Large net export of power
Norway’s export of power totalled 22.0 TWh in 2015, while imports came to 7.4 TWh. This gave a net export of 14.6 TWh. In 2014, there was a net export of 15.6 TWh. Exchange of power between countries is determined by differences in generation and the consumption situation and prices, in addition to the capacity of the power lines. The large net export of power may be seen in conjunction with the warm weather and large inflow of water to the Norwegian reservoirs.
Rise in the total electricity consumption
The gross consumption of electricity came to 130.4 TWh in 2015; an increase of 2.9 per cent compared with 2014. The gross consumption of electricity encompasses consumption in the groups extraction of crude oil and natural gas, power-intensive manufacturing and electricity consumption excluding power-intensive manufacturing and extraction. Net loss, pump storage use and other own consumption in the power stations are also included.
Increase in the electricity consumption excluding power-intensive manufacturing and extraction
Electricity consumption excluding power-intensive manufacturing and extraction amounted to 74.7 TWh in 2015; an increase of 2.8 per cent compared with 2014. Households, services and manufacturing other than power-intensive manufacturing account for the majority of the electricity consumption excluding power-intensive manufacturing and extraction.
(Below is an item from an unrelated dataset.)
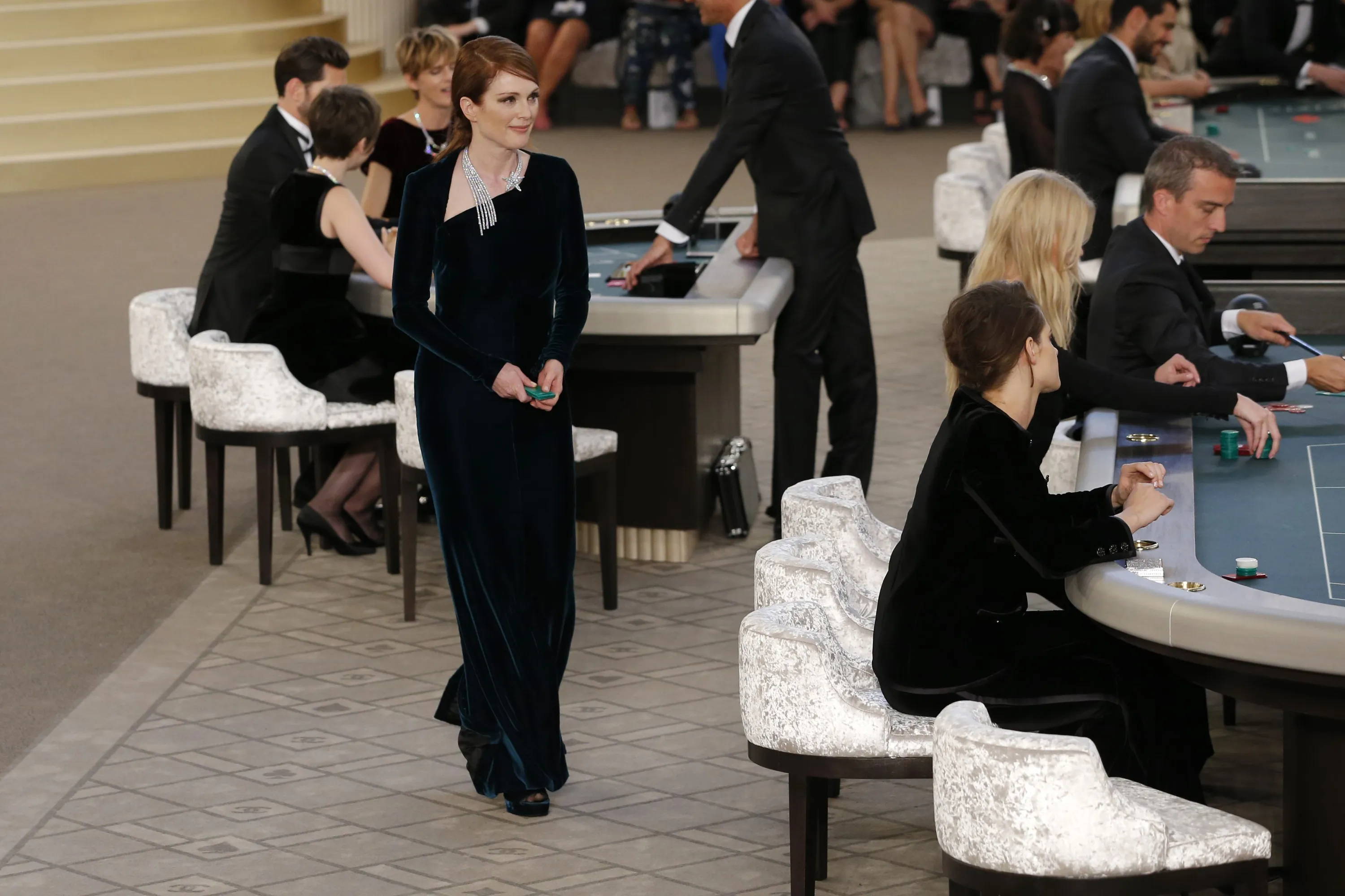 Actress Julianne Moore presents a creation by German designer Karl Lagerfeld as part of his Haute Couture Fall Winter 2015/2016 fashion show for French fashion house Chanel at the Grand Palais which is transformed into a casino in Paris, France, July 7, 2015. (Photo by Stephane Mahe/Reuters)

Electricity consumption in households amounts to approximately 50 per cent of the electricity consumption excluding power-intensive manufacturing and extraction.
Rise in the electricity consumption in power-intensive manufacturing
Electricity consumption in power-intensive manufacturing was 35.4 TWh in 2015. This is 0.9 per cent higher than 2014. Power-intensive manufacturing utilises electricity for the production of goods. Hence, the electricity consumption is not influenced by temperature.
Increase in the electricity consumption in extraction of crude oil and natural gas
Electricity consumption in plants for extraction of crude petroleum and natural gas on the mainland, including electricity distributed from the mainland to the Norwegian shelf, amounted to 7.0 TWh in 2015. This is 7.1 per cent more compared with the previous year. The electricity consumption in extraction on the mainland encompasses receiving and processing plants for crude oil and natural gas.